Sports Direct International (LSE: SPD) has just scored an own goal with its share price falling 3% in early trading as it announced a 72.5% fall in full-year 2018 preliminary reported profits to £77.5m. After the market had digested its statement, the stock dropped 6.86%.
Bad Sports
Sports Direct is still up 45% over the year, against around 7% for the FTSE 100, so long-term investors can take this on the chin. However, it does suggest that Mike Ashley’s group may have slipped up. The controversial boss began building a stake in department store Debenhams in 2017, and now owns nearly 30% of the group. The result: an £85m hit following the collapse in the troubled retailer’s share price, down 70% on a year ago.
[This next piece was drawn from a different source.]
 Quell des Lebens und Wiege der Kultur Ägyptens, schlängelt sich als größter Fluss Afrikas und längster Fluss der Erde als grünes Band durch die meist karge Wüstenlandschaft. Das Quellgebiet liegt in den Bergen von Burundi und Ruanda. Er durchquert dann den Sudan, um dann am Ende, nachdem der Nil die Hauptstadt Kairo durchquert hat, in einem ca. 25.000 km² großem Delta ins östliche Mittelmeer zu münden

Debenhams is not the only strategic investment Sports Direct is pursuing, it also has a stake in House of Fraser, French Connection and Goals Soccer Centres, although to what end, nobody really knows.
Street life
Although Sports Direct’s revenues rose 3.5% to £3.36bn, this was mostly driven by recent US acquisitions, with sports retail sales falling 2% in its main UK market. There was some good news, with strong pre-capex free cash flow rising almost 27% to £326.2m, although net debt more than doubled to £397.1m, due to the purchase of its own shares, strategic investments and investment in property. The National Living Wage also hurt.
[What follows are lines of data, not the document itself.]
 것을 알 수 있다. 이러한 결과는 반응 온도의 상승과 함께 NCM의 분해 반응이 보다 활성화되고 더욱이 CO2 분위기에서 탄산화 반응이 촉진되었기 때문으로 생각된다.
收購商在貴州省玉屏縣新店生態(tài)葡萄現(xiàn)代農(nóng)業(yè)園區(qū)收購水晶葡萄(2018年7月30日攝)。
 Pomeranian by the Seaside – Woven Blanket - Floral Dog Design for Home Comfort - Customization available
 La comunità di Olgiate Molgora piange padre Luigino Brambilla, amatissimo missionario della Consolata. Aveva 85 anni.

Sports Direct also has to contend with the UK retail blight, although that may work in its favour as high street competitors go to the wall. The England World Cup run may have boosted sales too. At a forecast valuation of 24.2 times earnings, you are paying a high price for buying into failure, although that does not deter Peter Stephens. There is no yield either, and earnings per share are forecast to fall another 11% in the year to 30 April 2019. All this and Mike Ashley too? Not for me.
Mellow Yellow
Self-storage specialist Big Yellow Group (LSE: BYG) has also shone over the last year its share price rising 22% in that time. It is shining today as well, up 1.5% after publishing an update for the first quarter to 30 June.
The statement showed that its 74 Big Yellow stores increased like-for-like closing occupancy to 84.2%, an increase of 2.6 percentage points from 30 June. Its average achieved net rent per sq ft increased by 3.2% compared to the same quarter last year.
Store of value
The group’s like-for-like revenue increased by 7.6% on the same quarter last year, driven by a combination of growth in occupancy and rates. It is also pressing ahead with other developments, extending in Wandsworth and Wapping, constructing a landmark store in Manchester city centre, and submitting an application for a planned store at King’s Cross.
CEO James Gibson reminded investors that it continues to follow a “more aggressive expansion strategy, largely through the acquisition of raw land”. A forecast yield of 3.4% makes this FTSE 250 stock an attractive pick for income investors, despite its elevated valuation, currently 22.7 times earnings. Management is under fire for its executive pay practices, with Royal London Asset Management leading the charge. However, for me the future looks bright, the future looks Yellow.